OpenClaw + Ollama Production Config 2026: Run AI Agents on Local Hardware

Running AI agents through cloud APIs works — until it doesn't. Rate limits hit at 2 AM. A provider outage kills your automation mid-task. Monthly bills climb past $200 for what's essentially autocomplete with tool calling. And every prompt you send leaves your machine.

The alternative: run the entire stack locally. OpenClaw as the agent runtime, Ollama as the inference engine, your own hardware doing the work. Zero API costs, zero latency to an external server, complete privacy, and uptime that depends only on your power supply.

This guide covers the complete production setup — hardware selection, Ollama configuration, OpenClaw integration, performance tuning, and the failure modes that'll bite you if you don't plan for them.

Why Run Locally in 2026?

The local LLM ecosystem matured fast. Three things changed the calculus:

1. Models got efficient. Qwen3 8B and Llama 3.3 8B deliver GPT-3.5-class quality at 40+ tokens/second on consumer GPUs. For agent tasks — tool calling, code generation, structured output — that's more than sufficient.

2. Quantization stopped hurting. Q4_K_M and Q5_K_M quantizations retain 95%+ of full-precision quality on benchmarks that matter for agent work. You're losing fractions of a percent on MMLU in exchange for 4× less VRAM.

3. Agent runtimes learned to work with smaller models. OpenClaw's context engineering — aggressive summarization, memory files, structured scratchpads — means a 32K-context local model can handle tasks that would require 128K+ tokens of raw history. See our context engineering deep dive for the architectural patterns.

The result: a $1,500 desktop can run a genuinely useful AI agent 24/7. A $3,000 build makes it comfortable.

Hardware Requirements

Minimum Viable Setup (8B Models)

For running 8B-parameter models (Llama 3.3, Qwen3, Mistral) at usable speeds:

• GPU: NVIDIA RTX 3060 12GB or RTX 4060 Ti 16GB
• RAM: 32 GB DDR4/DDR5
• Storage: 500 GB NVMe SSD (models + OS)
• CPU: Any modern 8-core (Ryzen 5 / Intel i5 or better)
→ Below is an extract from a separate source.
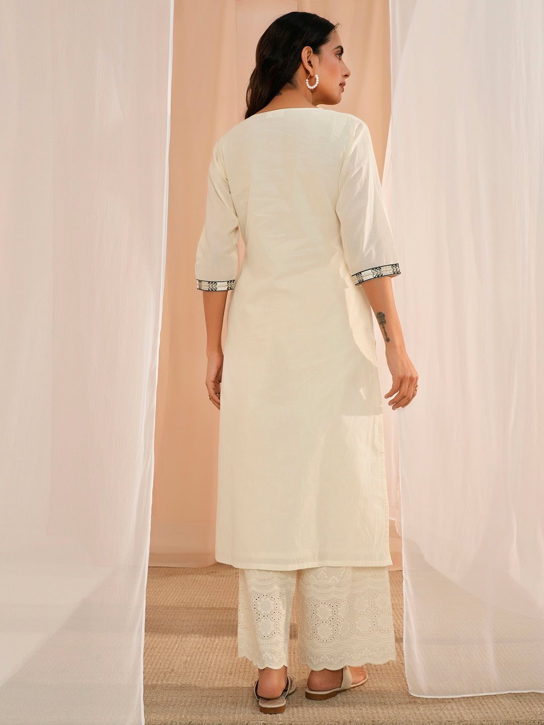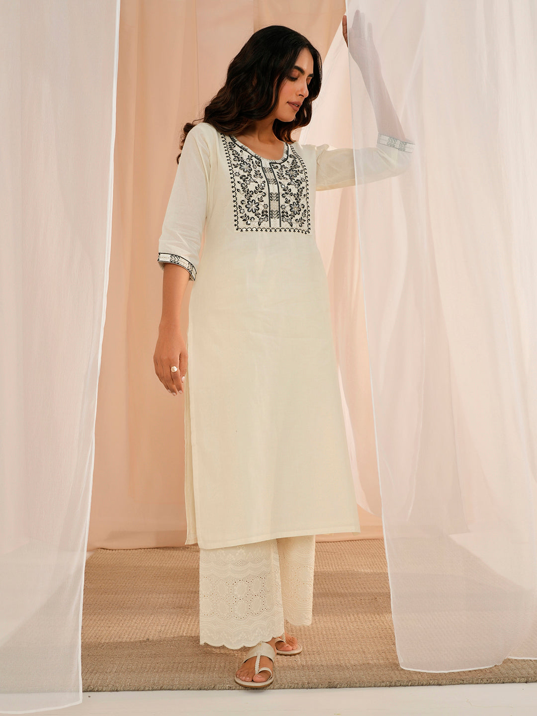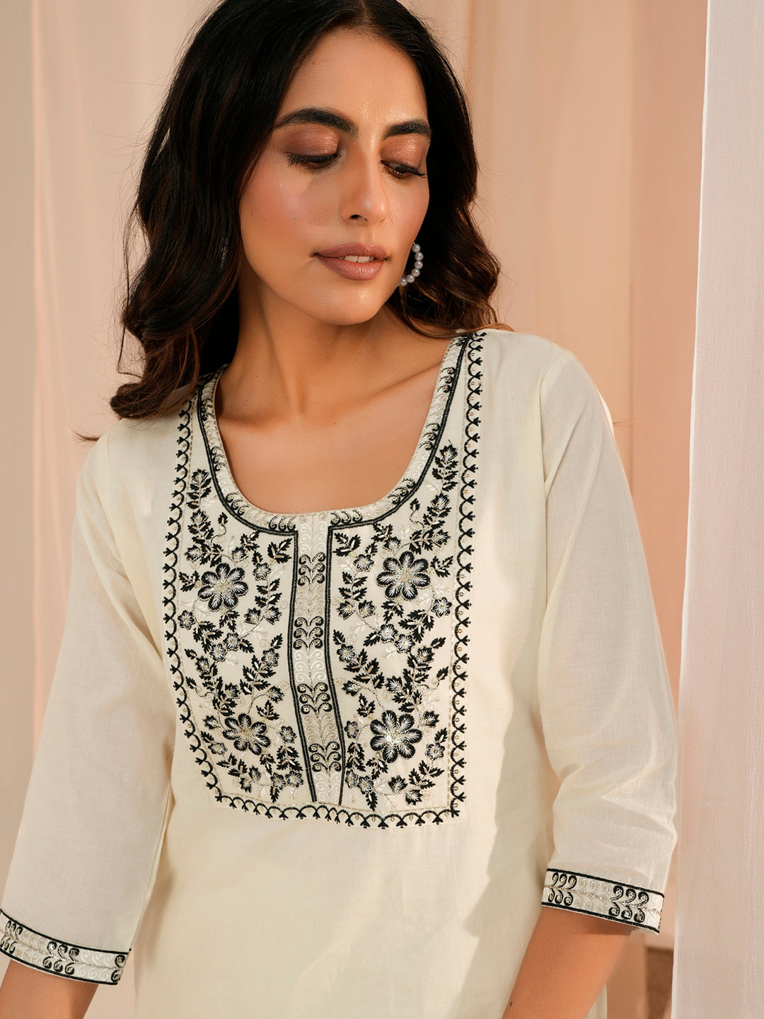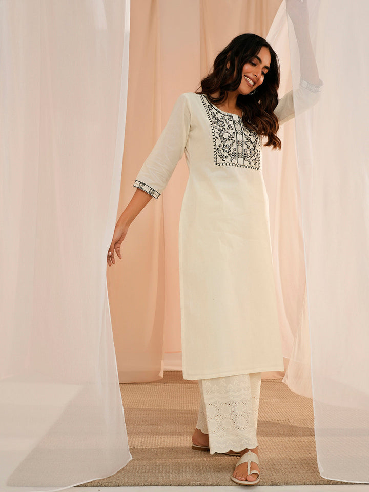 Our off-white embroidered cotton kurta features a straight silhouette with a round neckline, three-quarter sleeves, and a statement yoke. Elevated with charming sequins and floral embroidery, this style is perfect for elevated everyday wear.

This runs 8B Q4_K_M at 30-50 tok/s decode. Enough for single-agent workflows where you're not waiting in real-time. Prefill (processing input tokens) will be 200-400 tok/s, so long prompts take a noticeable beat.

Recommended Setup (8B–32B Models)

For running multiple model sizes and handling longer contexts:

• GPU: NVIDIA RTX 4080 16GB or RTX 4090 24GB
• RAM: 64 GB DDR5
• Storage: 1 TB NVMe SSD
• CPU: Ryzen 7 / Intel i7 or better

The RTX 4090 remains the sweet spot for local inference in 2026. Its 24 GB VRAM fits 32B Q4_K_M models entirely in GPU memory, and the memory bandwidth (1 TB/s) delivers 50-80 tok/s on 8B models. For multi-agent setups where two agents might run concurrently, the extra VRAM headroom matters.

High-End Setup (70B+ Models)

For running larger models or multiple concurrent agents:

• GPU: 2× RTX 4090 or RTX 5090 32GB, or NVIDIA DGX Spark for its 128 GB unified memory
• RAM: 128 GB DDR5
• Storage: 2 TB NVMe SSD
• CPU: Ryzen 9 / Intel i9 / Threadripper

At this tier, 70B Q4_K_M fits in a single RTX 5090 or across two 4090s via tensor parallelism. Decode speed will be 10-20 tok/s — usable for batch agent work, but not snappy for interactive use.

Apple Silicon Alternative

Mac Studio with M4 Max (128 GB) or M4 Ultra (192 GB) handles large models gracefully thanks to unified memory and 800+ GB/s bandwidth. Ollama runs natively on macOS. The trade-off: no CUDA, so some Ollama optimizations (Flash Attention 2 on NVIDIA) don't apply, and throughput per dollar is lower than a well-configured Linux GPU box.

Installing and Configuring Ollama

Installation

# Linux (recommended for production)
curl -fsSL https://ollama.com/install.sh | sh

# Verify installation
ollama --version

# Start the service (systemd)
sudo systemctl enable ollama
sudo systemctl start ollama

Pull Your Models

Start with proven agent-capable models:

# Primary agent model — excellent tool calling
ollama pull qwen3:8b

# Alternative with strong instruction following
ollama pull llama3.3:8b-instruct-q5_K_M

# Larger model for complex reasoning tasks
ollama pull qwen3:32b-q4_K_M

# Embedding model for RAG/memory (optional)
ollama pull nomic-embed-text

Ollama Production Configuration

The default Ollama config is tuned for casual use. Production agent workloads need adjustments.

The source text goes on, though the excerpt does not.